Dr. Daley works at the interface of biomechanics, neuromuscular physiology, and neuroscience, to understand how humans and animals achieve integrated function for stable and agile movement. Research in the Neuromechancis lab, directed by Dr Daley, focuses on revealing fundamental principles for the biomechanics and sensorimotor control of bipedal locomotion in humans and ground moving birds. Bipedal gaits pose unique challenges for balance and stability. We study transient, ‘non-steady’ locomotor tasks, such as acceleration, turning, and negotiating uneven terrain. These tasks increase the risks of falls, collisions, and injury. We use experimental measures of biomechanics, in vivo muscle-tendon function, and muscle activation patterns to understand how movement is coordinated to minimize risks while meeting performance demands. These studies aim to reveal general principles for agile and stable movement that inform human and animal health and welfare— including clinical gait assessment, treatment of movement disorders, rehabilitation strategies, and bio-inspired engineering of legged robots and mobility technology.
Director of Education
Dr. Aguilar Roca’s primary education research is focused on the development and assessment of inquiry-based modules for upper-division physiology labs. In addition to curriculum design, she is working with other laboratory instructors to develop a graduate TA training program that is specific to teaching laboratories. Her second area of research is the use of active teaching techniques in large introductory biology lectures (>400 students/section). Although ideas for active teaching are abundant, few have been experimentally tested in an ecologically relevant setting. One specific strategy that she is pursuing is the use of a hybrid class format (i.e. some course content is converted into an online activity) in order to incorporate problem-solving and critical thinking exercises into class time
Dr. Azizi’s research is focused broadly on the physiology and mechanics of movement. Work in his lab strives to understand how the basic properties of skeletal muscle have been shaped by evolution and how shifts in these properties affect neuromuscular health and performance.
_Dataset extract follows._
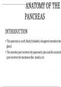 •	The pancreas is a soft, finely lobulated, elongated exoendocrine gland.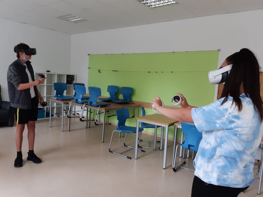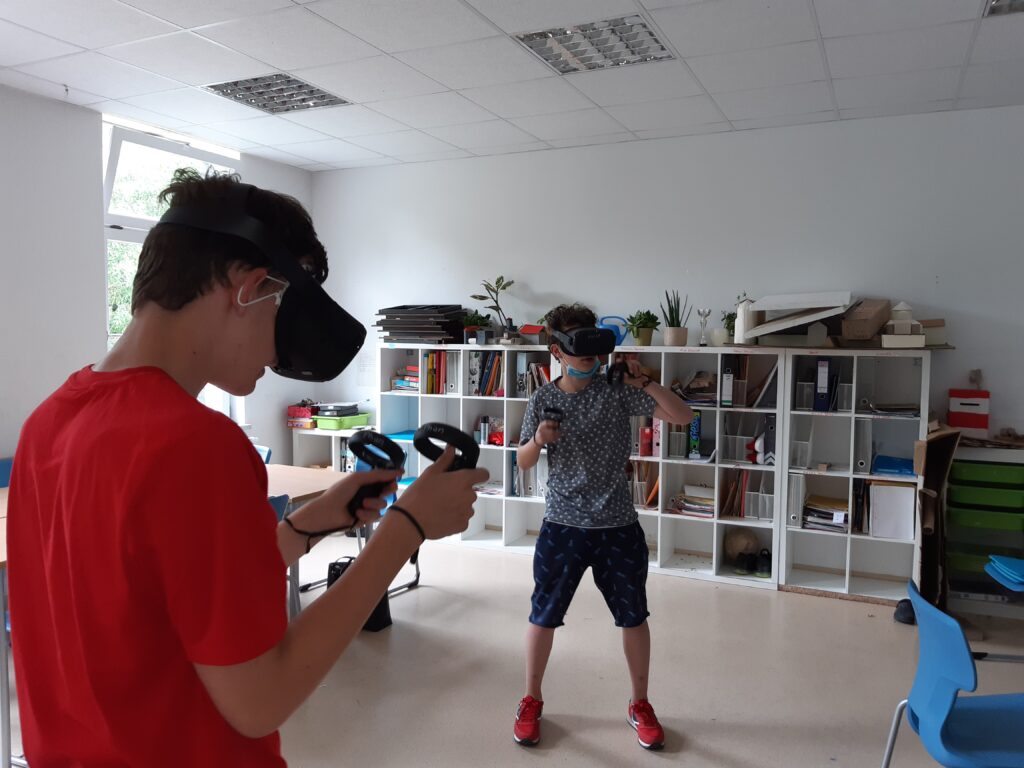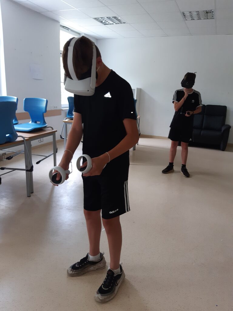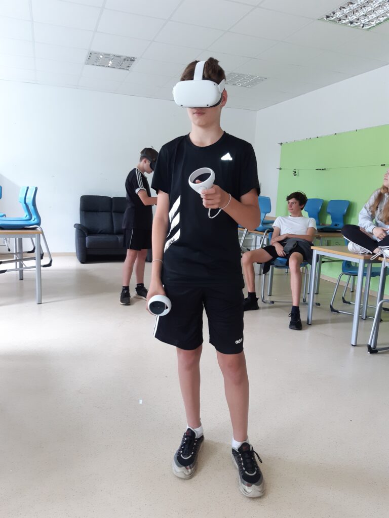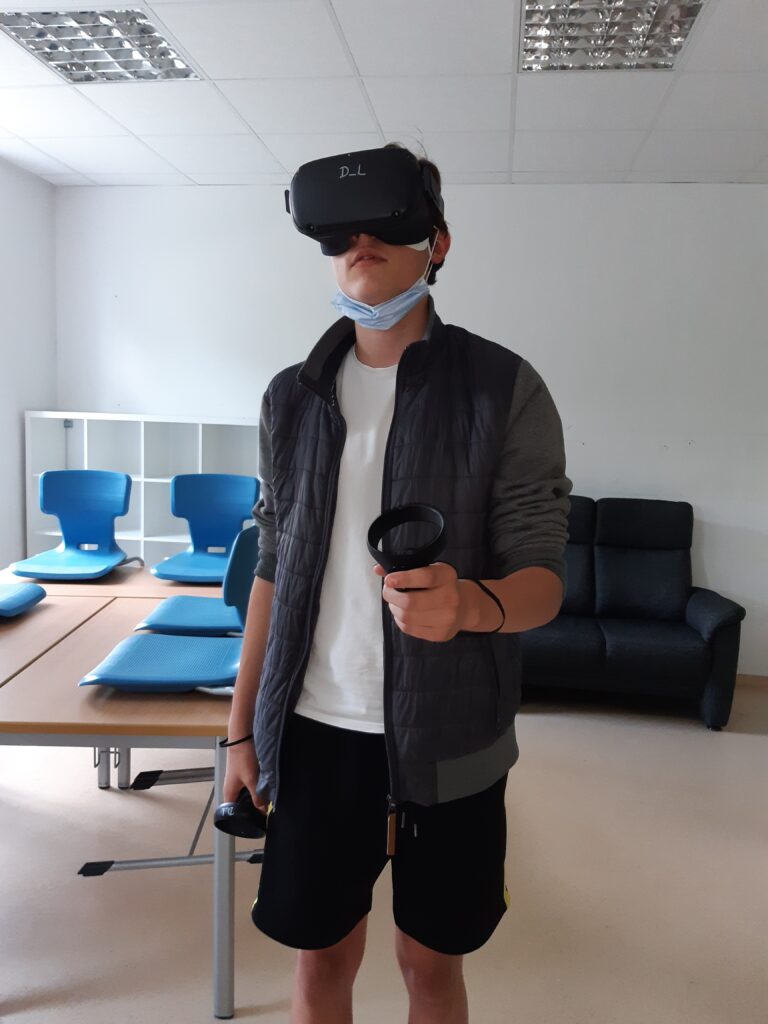 Im Praxisteil des Projektes konnten sich die Schüler*innen selbst mit der Technik – VR-Brillen der Marke Oculus Quest – auseinandersetzen. Der Einstieg ging mit Hilfe durch Herrn Schwarz schnell und alle Schüler*innen erprobten sich in einer virtuellen Spielewelt, um erste Erfahrungen zu sammeln oder Vergleiche anzustellen. (Text/Fotos: J. Reiche)

Dr. Reinkensmeyer is interested in robotics, wearable sensors, and computational neuroscience for movement rehabilitation focused on persons who have experienced a stroke. His group designs innovative rehabilitation technologies based on an understanding of neuromuscular control and plasticity mechanisms. Developing improved rehabilitation technology not only helps people with disabilities improve their movement ability, but also enhances scientific understanding of motor learning and use-dependent plasticity, which can, in turn, help us invent more effective, clinically useful technologies and therapies. His group is also using such technologies, along with computational models of neuro-recovery, to help assess and enhance emerging neuro-repair therapies after stroke and spinal cord injury.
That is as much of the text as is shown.